**What to work on**: Copy the data below exactly, but not the pictures it contains.
+++
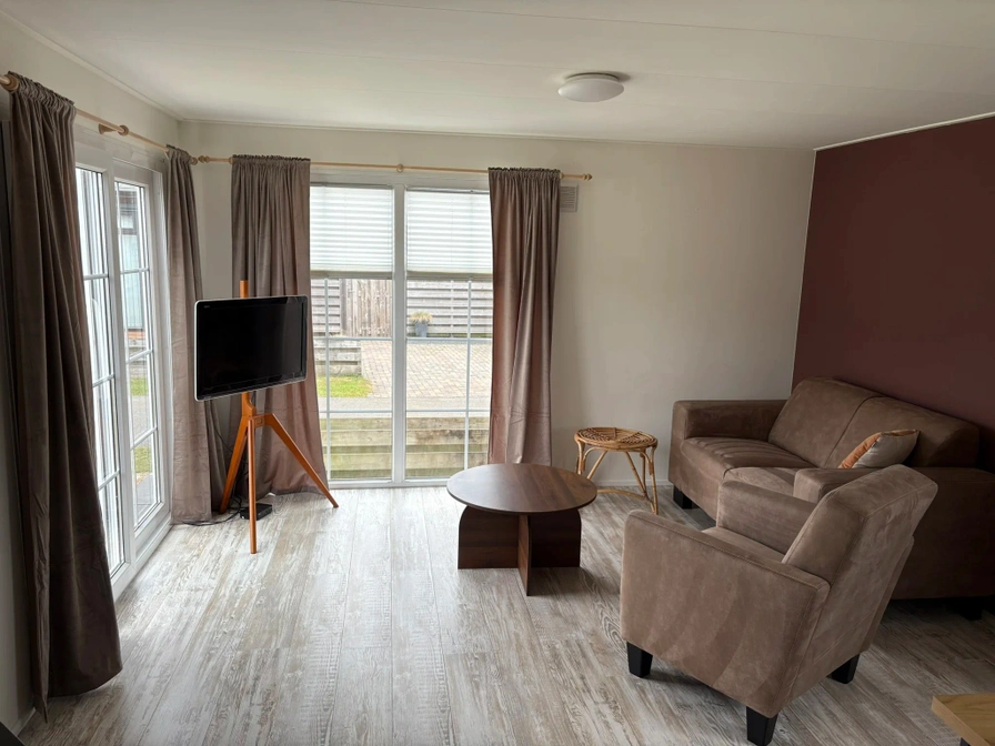 Dit comfortabele chalet is voorzien van alles wat je nodig hebt voor een ontspannen vakantie. Er is een woongedeelte met zithoek met Smart-TV, een eethoek en een open keuken. De badkamer is voorzien van een douche, wastafel en toilet. Er zijn twee slaapkamers, waarvan één met tweepersoonsbed en één met twee eenpersoonsbedden. Bij mooi weer kun je optimaal genieten in de privétuin met terras en tuinmeubelen.
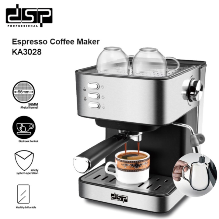 Máy pha cà phê Espresso DSP KA3028, công suất 850W, áp lực bơm 15 bar, 1.6 lít, bảo hành chính hãng 12 tháng
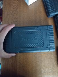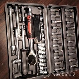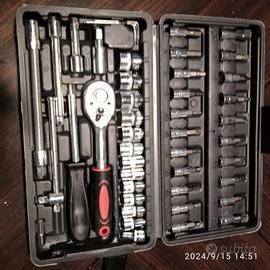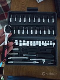 cassetta di chiavi a bussola con cric piccolo 1/4 con prolunghe ed inserti cacciavite
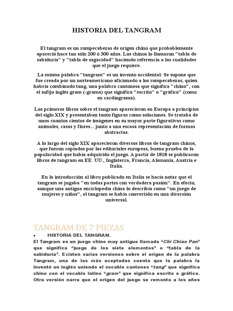 Historia Del Tangram Pdf Ensenanza De Matematica Science
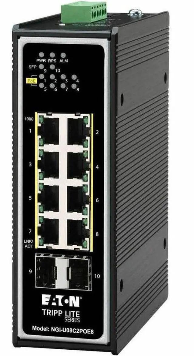 Tripp Lite 8-Port PoE+ 30W Unmanaged Industrial GbE Switch NGI-U08C2POE8
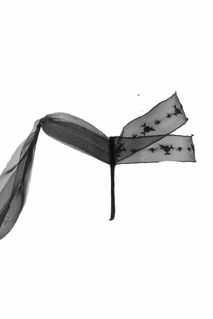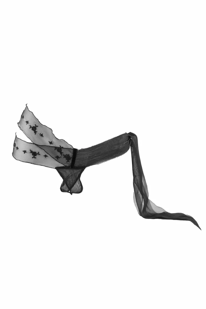 Asymmetrical thong in double layered organic intangible silk tulle. Overlaid bands of elasticated tulle embroidered with little roses motif, elegantly edged, which gently wraps the hips on a side with a very captivating effect. On the other side soft, raw-cut organic silk chiffon bands tie with a bow. Part of the Karin Lingerie Set
+++
**Expected answer**:
 Dit comfortabele chalet is voorzien van alles wat je nodig hebt voor een ontspannen vakantie. Er is een woongedeelte met zithoek met Smart-TV, een eethoek en een open keuken. De badkamer is voorzien van een douche, wastafel en toilet. Er zijn twee slaapkamers, waarvan één met tweepersoonsbed en één met twee eenpersoonsbedden. Bij mooi weer kun je optimaal genieten in de privétuin met terras en tuinmeubelen.
 Máy pha cà phê Espresso DSP KA3028, công suất 850W, áp lực bơm 15 bar, 1.6 lít, bảo hành chính hãng 12 tháng
 cassetta di chiavi a bussola con cric piccolo 1/4 con prolunghe ed inserti cacciavite
 Historia Del Tangram Pdf Ensenanza De Matematica Science
 Tripp Lite 8-Port PoE+ 30W Unmanaged Industrial GbE Switch NGI-U08C2POE8
 Asymmetrical thong in double layered organic intangible silk tulle. Overlaid bands of elasticated tulle embroidered with little roses motif, elegantly edged, which gently wraps the hips on a side with a very captivating effect. On the other side soft, raw-cut organic silk chiffon bands tie with a bow. Part of the Karin Lingerie Set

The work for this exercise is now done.